WHAT IS NEEDED — In the listing below, locate the line with "اعتمدت لجنة إدارة" and the line with "不過還是很遺憾的,包好的粽子不是被吊起來曬就是躺在蒸籠裡面蒸!", then output both and everything between them exactly, minus any pictures.

· · · ·

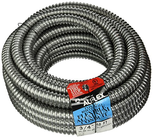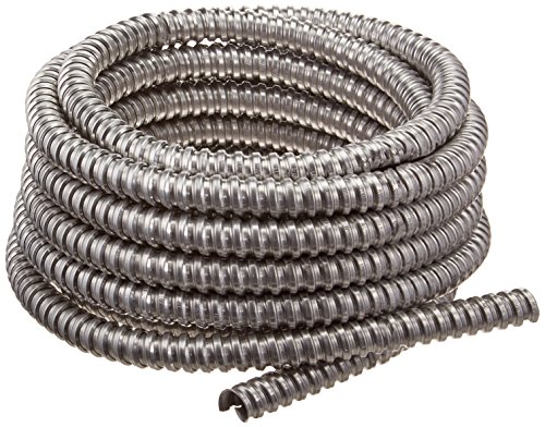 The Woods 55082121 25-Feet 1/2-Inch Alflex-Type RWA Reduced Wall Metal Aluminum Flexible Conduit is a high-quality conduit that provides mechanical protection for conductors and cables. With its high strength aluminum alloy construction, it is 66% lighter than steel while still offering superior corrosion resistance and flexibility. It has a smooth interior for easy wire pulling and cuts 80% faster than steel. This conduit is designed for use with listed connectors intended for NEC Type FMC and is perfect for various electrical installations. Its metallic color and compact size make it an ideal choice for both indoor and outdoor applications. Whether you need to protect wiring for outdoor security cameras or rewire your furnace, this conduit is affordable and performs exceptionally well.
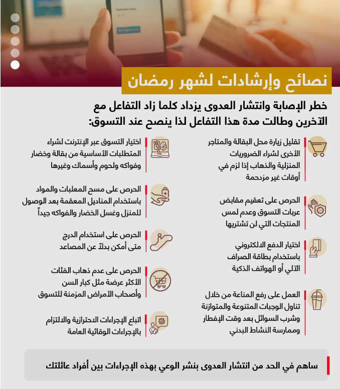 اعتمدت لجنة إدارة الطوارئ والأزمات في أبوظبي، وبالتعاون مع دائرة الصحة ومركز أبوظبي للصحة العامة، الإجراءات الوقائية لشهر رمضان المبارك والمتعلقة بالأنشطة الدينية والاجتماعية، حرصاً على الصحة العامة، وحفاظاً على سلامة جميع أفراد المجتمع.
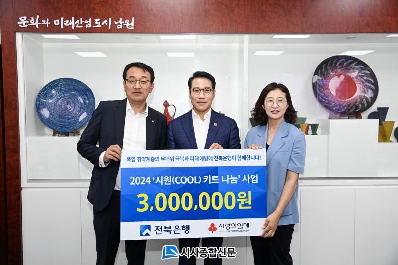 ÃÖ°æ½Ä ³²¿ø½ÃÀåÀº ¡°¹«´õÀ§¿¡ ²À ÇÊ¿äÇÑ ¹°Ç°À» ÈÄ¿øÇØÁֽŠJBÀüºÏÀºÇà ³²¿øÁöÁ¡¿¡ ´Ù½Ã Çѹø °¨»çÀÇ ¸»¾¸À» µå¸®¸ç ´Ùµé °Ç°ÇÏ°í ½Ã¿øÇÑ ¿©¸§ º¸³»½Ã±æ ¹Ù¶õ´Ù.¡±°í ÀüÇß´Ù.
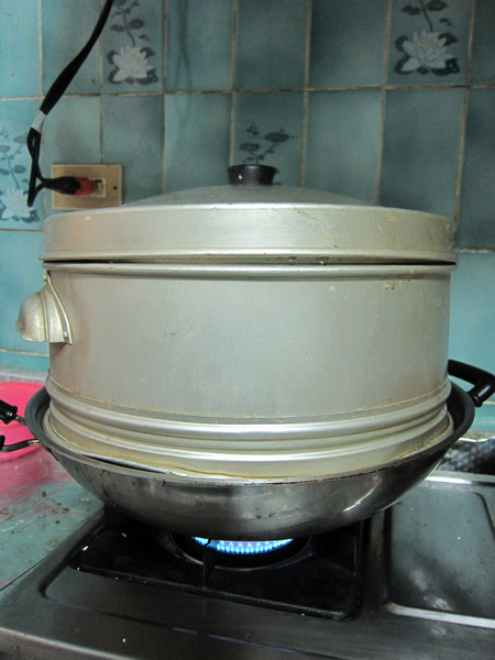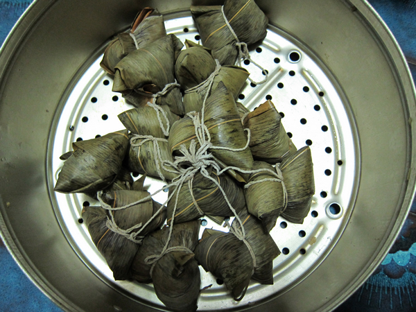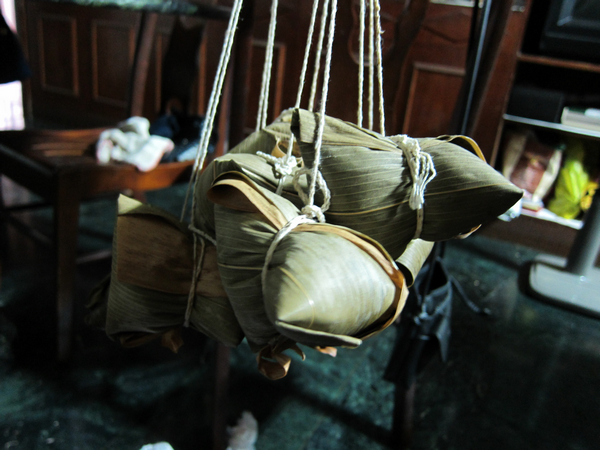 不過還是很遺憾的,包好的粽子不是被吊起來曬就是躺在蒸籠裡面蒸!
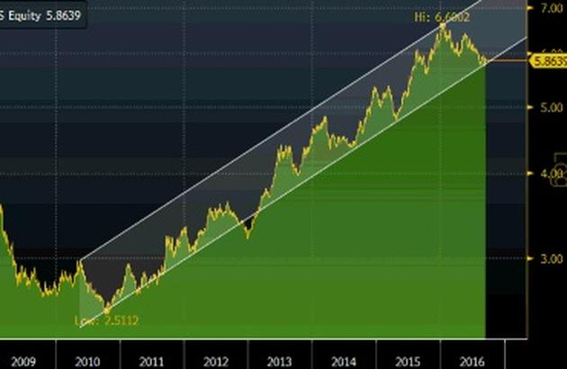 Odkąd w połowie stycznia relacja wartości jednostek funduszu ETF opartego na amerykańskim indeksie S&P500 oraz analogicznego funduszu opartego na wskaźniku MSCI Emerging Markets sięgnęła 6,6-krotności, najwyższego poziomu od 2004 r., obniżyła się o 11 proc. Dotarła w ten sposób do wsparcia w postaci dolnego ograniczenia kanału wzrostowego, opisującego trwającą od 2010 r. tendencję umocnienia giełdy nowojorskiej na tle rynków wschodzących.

· · · ·

YOUR SOLUTION —
 اعتمدت لجنة إدارة الطوارئ والأزمات في أبوظبي، وبالتعاون مع دائرة الصحة ومركز أبوظبي للصحة العامة، الإجراءات الوقائية لشهر رمضان المبارك والمتعلقة بالأنشطة الدينية والاجتماعية، حرصاً على الصحة العامة، وحفاظاً على سلامة جميع أفراد المجتمع.
 ÃÖ°æ½Ä ³²¿ø½ÃÀåÀº ¡°¹«´õÀ§¿¡ ²À ÇÊ¿äÇÑ ¹°Ç°À» ÈÄ¿øÇØÁֽŠJBÀüºÏÀºÇà ³²¿øÁöÁ¡¿¡ ´Ù½Ã Çѹø °¨»çÀÇ ¸»¾¸À» µå¸®¸ç ´Ùµé °Ç°ÇÏ°í ½Ã¿øÇÑ ¿©¸§ º¸³»½Ã±æ ¹Ù¶õ´Ù.¡±°í ÀüÇß´Ù.
 不過還是很遺憾的,包好的粽子不是被吊起來曬就是躺在蒸籠裡面蒸!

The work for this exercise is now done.